Kate May, a widow with nine children, participated in the 1893 Cherokee Outlet opening in Oklahoma Territory. Born in antebellum Mississippi, she was the daughter of Dr. S. M. Vernon. In 1875 at the age of nineteen she quit teaching school and married Samuel D. May, a storekeeper in Charleston, Mississippi. Due to financial setbacks, May first moved his family to Texas, and later he staked a claim in Oklahoma City during the Land Run of 1889. On April 23, 1889, one day after the run, May died, and Kate decided to make Oklahoma City their home. There she operated a restaurant until the 1893 financial panic caused the foreclosure of her loan.
As head of the household, Kate May knew that she would have to find opportunity elsewhere. Fortunately, another area known as the Cherokee Outlet was opened to homesteaders.

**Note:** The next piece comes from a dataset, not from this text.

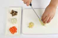 1. 깨끗이 씻어 손질한 고구마, 표고 버섯, 양파, 당근을 사방 0.5cm 정도의 크기로 썬다.a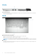 Affichage 1. Microphone gauche Fournit une entrée audio numérique pour l’enregistrement audio et les appels vocaux. 2. Webcam Permet de passer des appels vidéo, de prendre des photos et d’enregistrer des vidéos. 3. Microphone droit Fournit une entrée audio numérique pour l’enregistrement audio et les appels vocaux. Arrière 1. Port HDMI Connecter à une télévision ou à un autre périphérique compatible HDMI en entrée. Fournit une sortie vidéo et audio. 2.

She made the land run on horseback on September 16, 1893, and staked a claim for a quarter section, three miles south of Perry. Like many frontier women, she endured the adversities of everyday life. Within eighteen months she again moved her family, due to crop failures during the summer drought, lack of profit from a restaurant she had established in Perry, and the health of a daughter who had tuberculosis. At the recommendation of doctors, May moved her family two more times in search of a drier climate. They lived in Old Greer County in southwest Oklahoma for about ten years before settling in New Mexico Territory in 1906. Kate May faded into obscurity, and the date of her death is not recorded.
BIBLIOGRAPHY: Daily Oklahoman (Oklahoma City), 16 April 1989. Henry Kilian Goetz, "Goin' West: Kate May's Trip to Old Greer County," The Chronicles of Oklahoma 72 (Fall 1994). Henry Kilian Goetz, "Kate's Quarter Section: A Woman in the Cherokee Strip," The Chronicles of Oklahoma 61 (Spring 1989).